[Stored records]
§

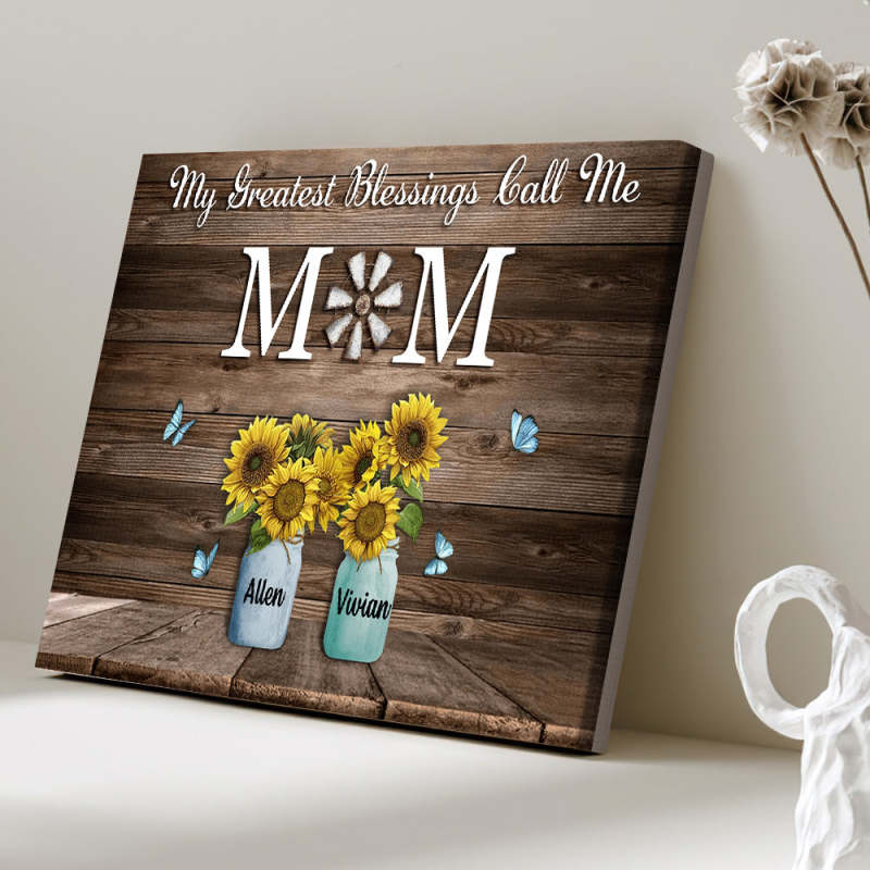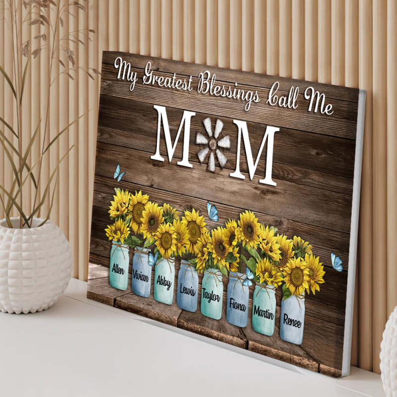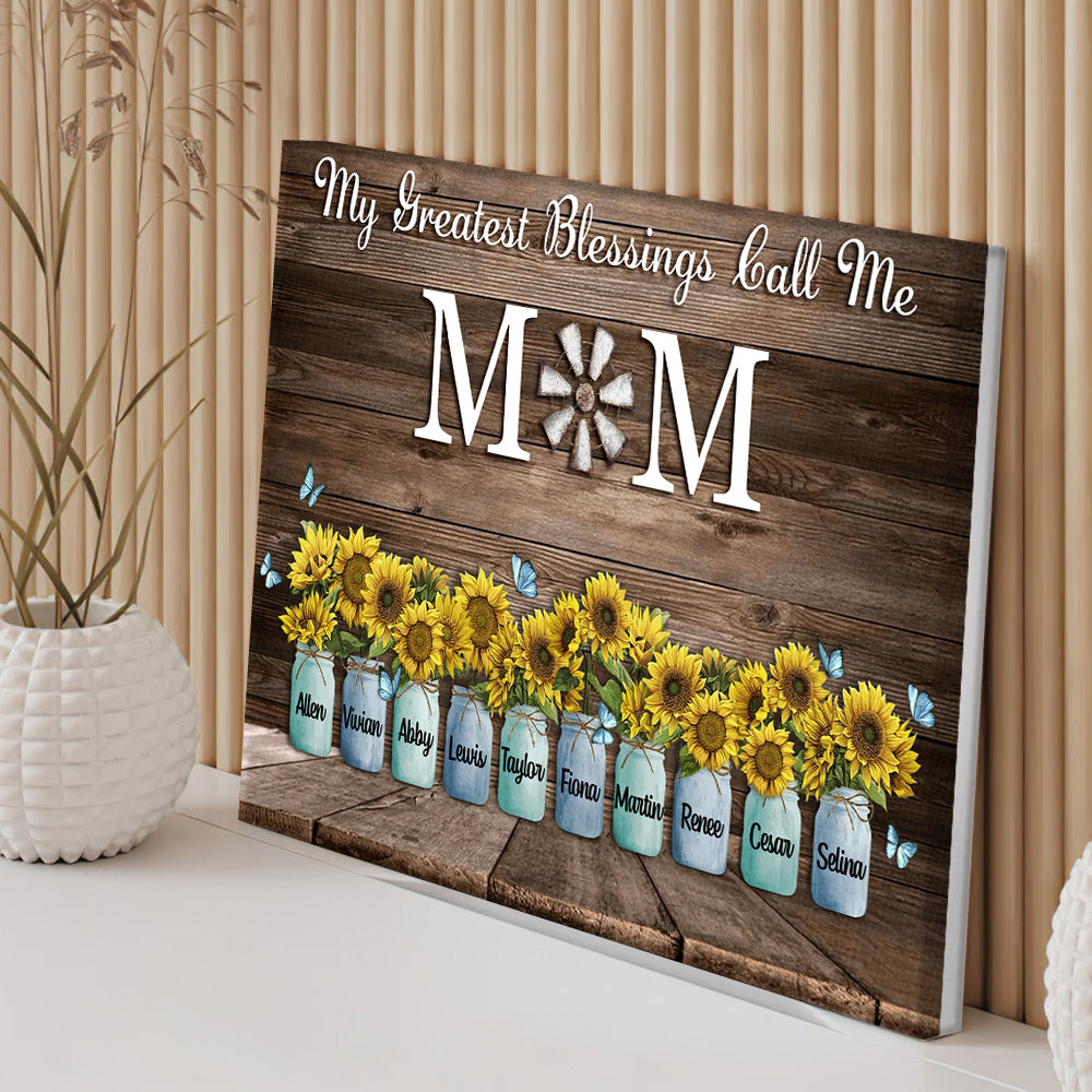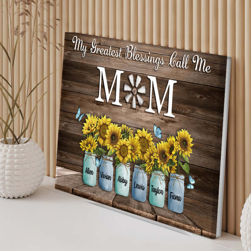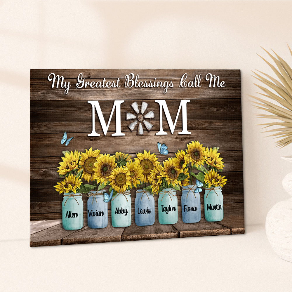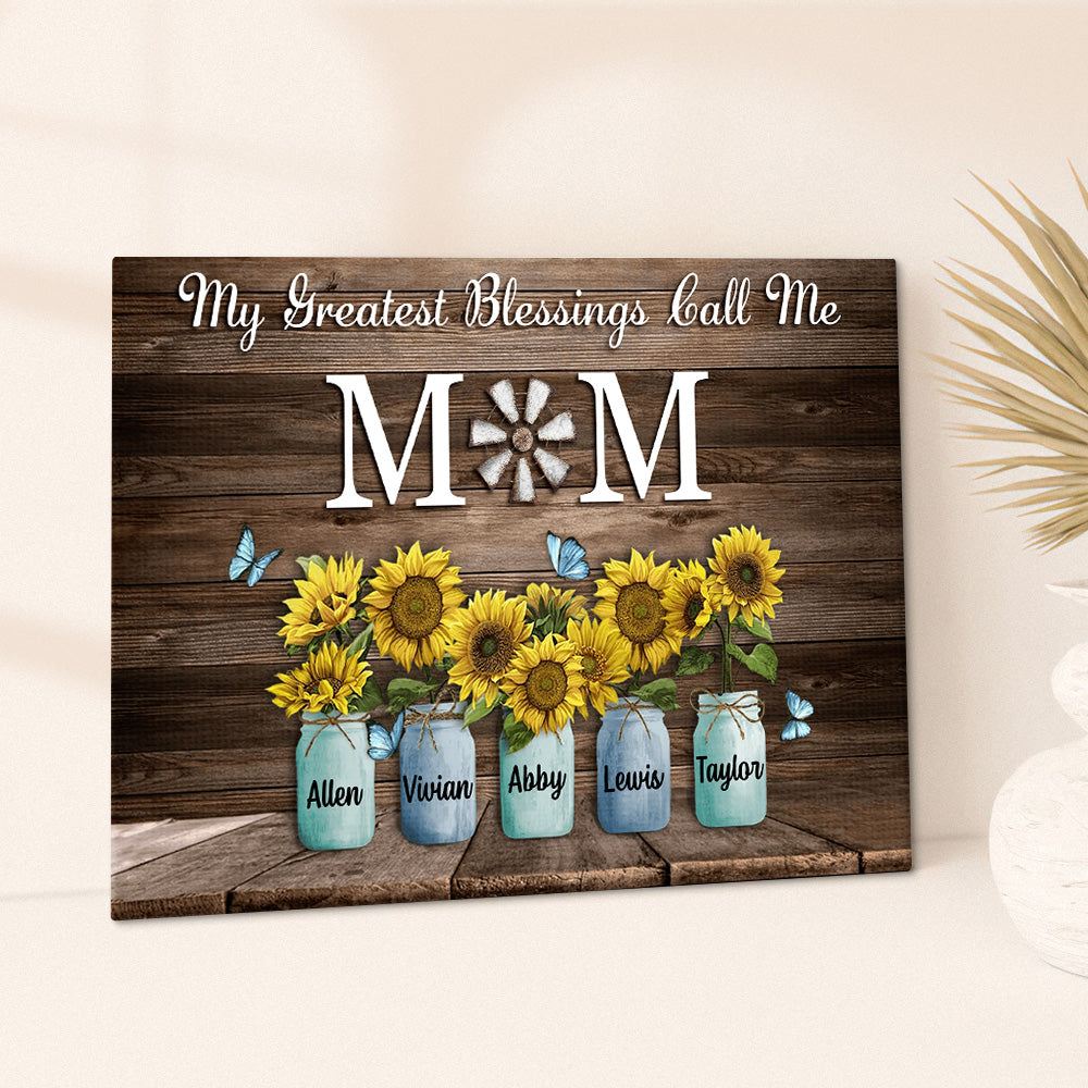 Personalized Name Sunflowers Canvas My Greatest Blessings Call Me Mom Wall Art Canvas Mother's Day Gifts
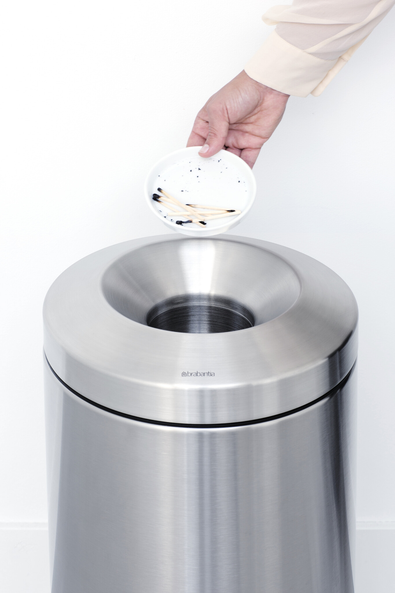 De Brabantia prullenbak met vlamdover van 30 liter is een veilige en ruimtebesparende oplossing voor thuis of op het werk. Dankzij de metalen buitenkant, de metalen binnenemmer en de roestvrijstalen vlamdover worden beginnende brandjes direct gedoofd. Deze robuuste prullenbak is duurzaam, makkelijk schoon te maken en past in elke ruimte waar veiligheid vooropstaat.
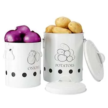 Show more Introducing the exquisite G.a HOMEFAVOR Set of 2 Antique Cream Vintage Potato Onion Kitchen Storage Canisters, the perfect blend of style and functionality for any kitchen! Made from high-quality powder-coated sheet steel, these charming metal containers are designed to keep your potatoes, onions, garlic, and other produce fresh while adding a touch of vintage elegance to your culinary space. With their robust construction, these canisters not only protect your staples but also enhance the aesthetic appeal of your kitchen.
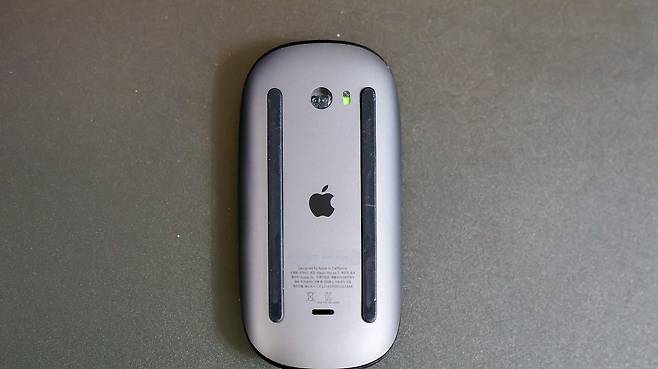 이건 정물 충격이었습니다. 매직마우스 충전 방식은 하단에 포트가 있어, 충전 중에는 마우스를 사용할 수 없습니다.
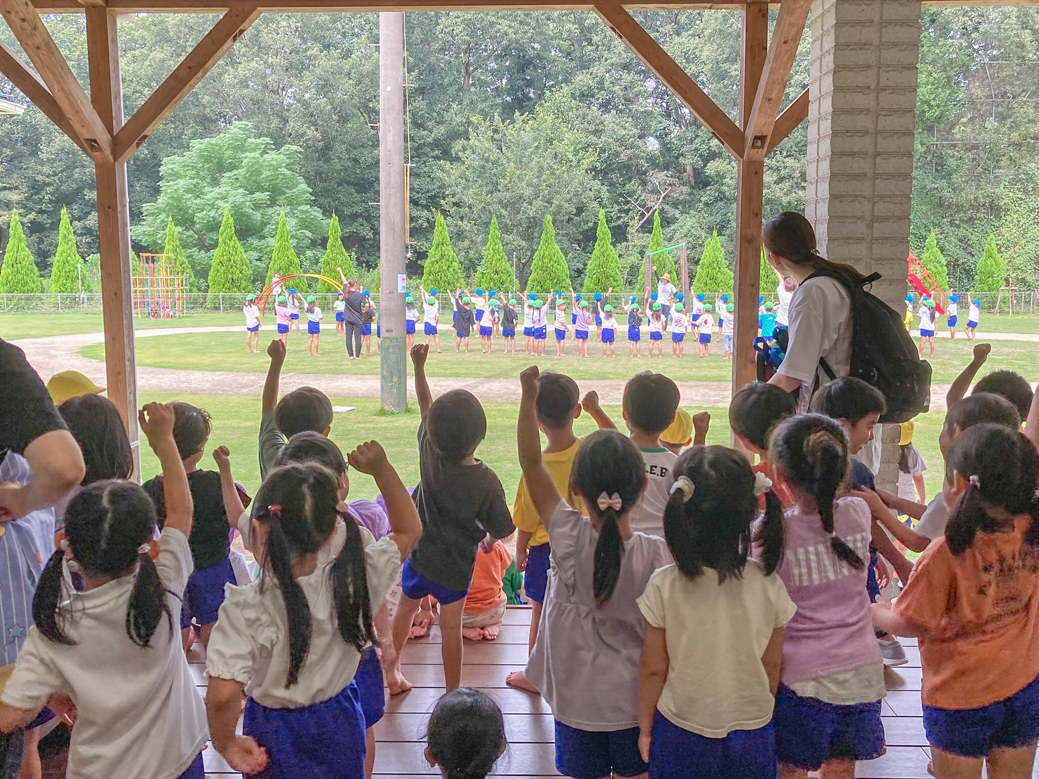 子どもたちは広い公園で元気いっぱいに遊び、暑い日だったので水遊びも思い切り楽しんでいました🏊
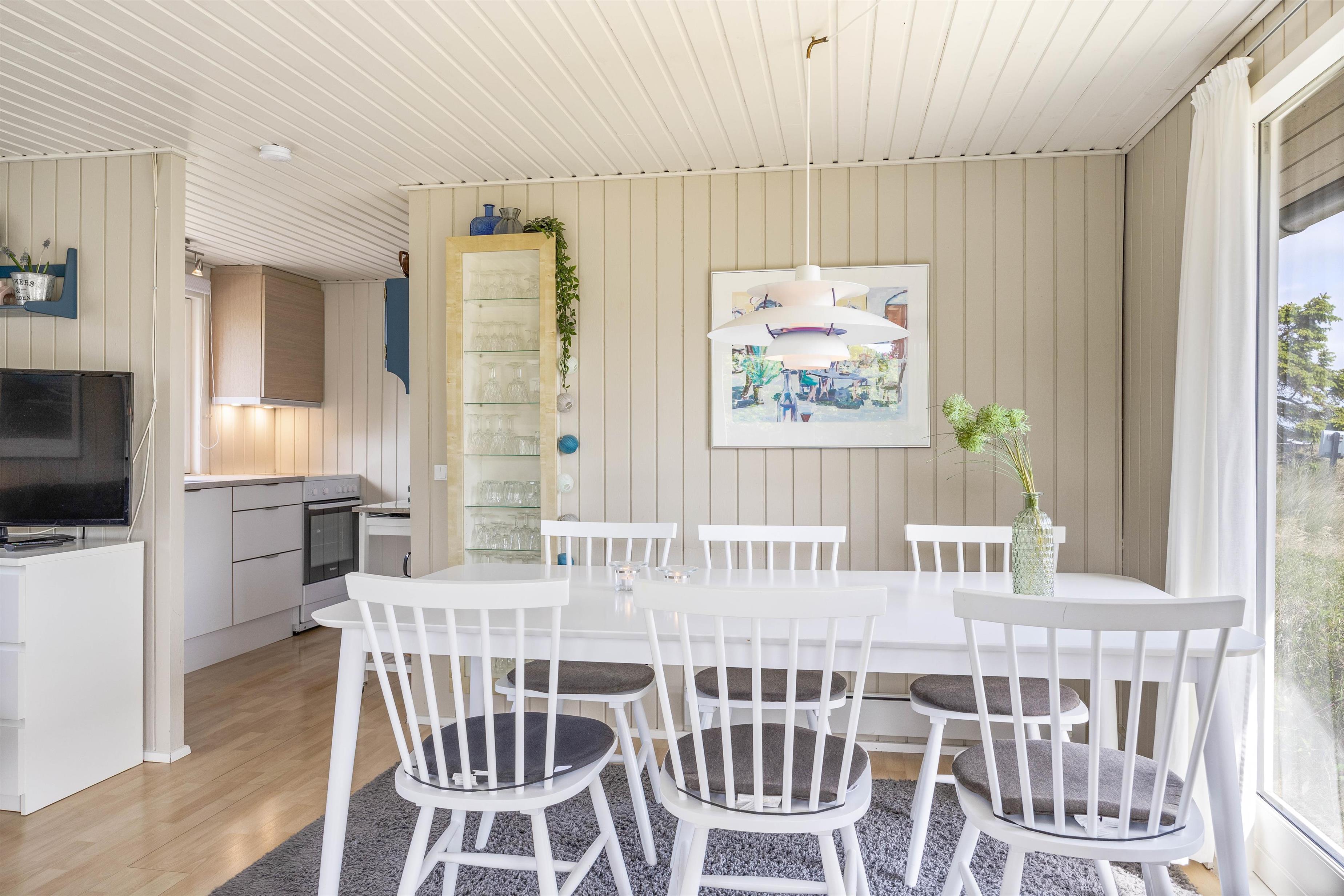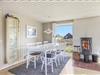 I stuen er der et hyggeligt opholdsområde. Både køkken og spiseområdet er fint integreret i rummet. De høje vinduer garanterer godt med dagslys og en smuk udsigt over den vestjyske natur.
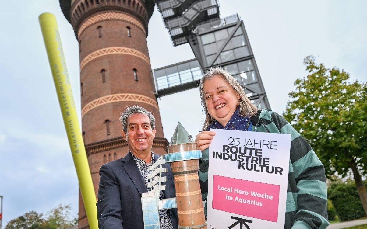 Der Aquarius Wasserturm in Styrum steht eine Woche lang besonders im Blick. Der Turm ist als Local Hero ausgewählt worden. Anlässlich des 25jährigen Jubiläums der Route Industriekultur genießen in diesem Jahr die 27 sogenannten Ankerpunkte jeweils für eine Woche besondere Aufmerksamkeit. In der Woche vom 30. September bis 6. Oktober ist es der Aquarius.
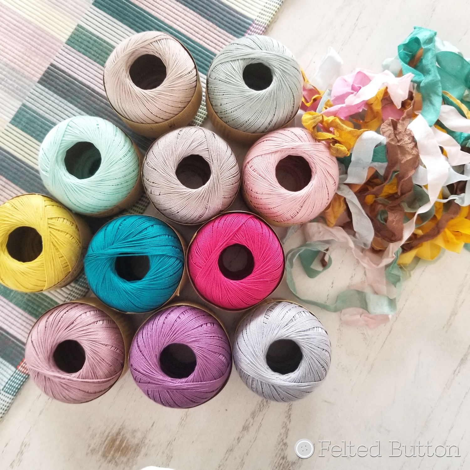 After gathering some supplies like Scheepjes Sweet Treat* for some impromptu embroidering on the mitts, some silk ribbon scraps, scissors, measuring tape, 3mm crochet hook, chalk, needle, and buttons stolen from another wool cardi, I was ready.
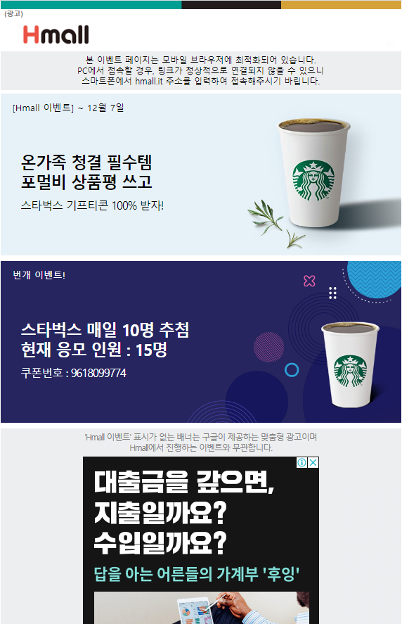 Hmall 고객을 위한 번개 이벤트, 매일매일 10명씩 스타벅스 쿠폰 증정
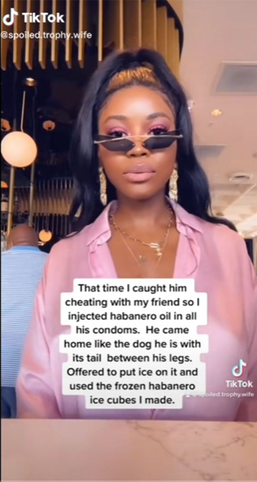 Το σχέδιο εκδίκησης αμέσως μπήκε σε εφαρμογή, με την ίδια να κάνει ένεση με σάλτσα τσίλι στα προφυλακτικά του συντρόφου της, χωρίς αυτός να έχει υποψιαστεί κάτι. Μια μέρα λοιπόν, γύρισε σπίτι και κρατούσε με μανία τα γεννητικά του όργανα, φωνάζοντας ότι καίγεται. Όταν εκείνη τον ρώτησε τι έγινε, αυτός απάντησε ότι έβαλε μια λοσιόν για να μυρίζει καλύτερα, μετά το μπάνιο που έκανε στο γυμναστήριο.
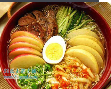 据民间传说,这一天吃了纤细绵长的冷面,就会预兆多福多寿、长命百岁,故冷面又名“长寿面”。以前中国人看到压制冷面的器具是木合子,便称为“盒勒面”。

§

#### HOW TO COMPLETE THIS TASK:
Write the records out once more, exactly as they appear, with no pictures.

#### SOLUTION BELOW:
 Personalized Name Sunflowers Canvas My Greatest Blessings Call Me Mom Wall Art Canvas Mother's Day Gifts
 De Brabantia prullenbak met vlamdover van 30 liter is een veilige en ruimtebesparende oplossing voor thuis of op het werk. Dankzij de metalen buitenkant, de metalen binnenemmer en de roestvrijstalen vlamdover worden beginnende brandjes direct gedoofd. Deze robuuste prullenbak is duurzaam, makkelijk schoon te maken en past in elke ruimte waar veiligheid vooropstaat.
 Show more Introducing the exquisite G.a HOMEFAVOR Set of 2 Antique Cream Vintage Potato Onion Kitchen Storage Canisters, the perfect blend of style and functionality for any kitchen! Made from high-quality powder-coated sheet steel, these charming metal containers are designed to keep your potatoes, onions, garlic, and other produce fresh while adding a touch of vintage elegance to your culinary space. With their robust construction, these canisters not only protect your staples but also enhance the aesthetic appeal of your kitchen.
 이건 정물 충격이었습니다. 매직마우스 충전 방식은 하단에 포트가 있어, 충전 중에는 마우스를 사용할 수 없습니다.
 子どもたちは広い公園で元気いっぱいに遊び、暑い日だったので水遊びも思い切り楽しんでいました🏊
 I stuen er der et hyggeligt opholdsområde. Både køkken og spiseområdet er fint integreret i rummet. De høje vinduer garanterer godt med dagslys og en smuk udsigt over den vestjyske natur.
 Der Aquarius Wasserturm in Styrum steht eine Woche lang besonders im Blick. Der Turm ist als Local Hero ausgewählt worden. Anlässlich des 25jährigen Jubiläums der Route Industriekultur genießen in diesem Jahr die 27 sogenannten Ankerpunkte jeweils für eine Woche besondere Aufmerksamkeit. In der Woche vom 30. September bis 6. Oktober ist es der Aquarius.
 After gathering some supplies like Scheepjes Sweet Treat* for some impromptu embroidering on the mitts, some silk ribbon scraps, scissors, measuring tape, 3mm crochet hook, chalk, needle, and buttons stolen from another wool cardi, I was ready.
 Hmall 고객을 위한 번개 이벤트, 매일매일 10명씩 스타벅스 쿠폰 증정
 Το σχέδιο εκδίκησης αμέσως μπήκε σε εφαρμογή, με την ίδια να κάνει ένεση με σάλτσα τσίλι στα προφυλακτικά του συντρόφου της, χωρίς αυτός να έχει υποψιαστεί κάτι. Μια μέρα λοιπόν, γύρισε σπίτι και κρατούσε με μανία τα γεννητικά του όργανα, φωνάζοντας ότι καίγεται. Όταν εκείνη τον ρώτησε τι έγινε, αυτός απάντησε ότι έβαλε μια λοσιόν για να μυρίζει καλύτερα, μετά το μπάνιο που έκανε στο γυμναστήριο.
 据民间传说,这一天吃了纤细绵长的冷面,就会预兆多福多寿、长命百岁,故冷面又名“长寿面”。以前中国人看到压制冷面的器具是木合子,便称为“盒勒面”。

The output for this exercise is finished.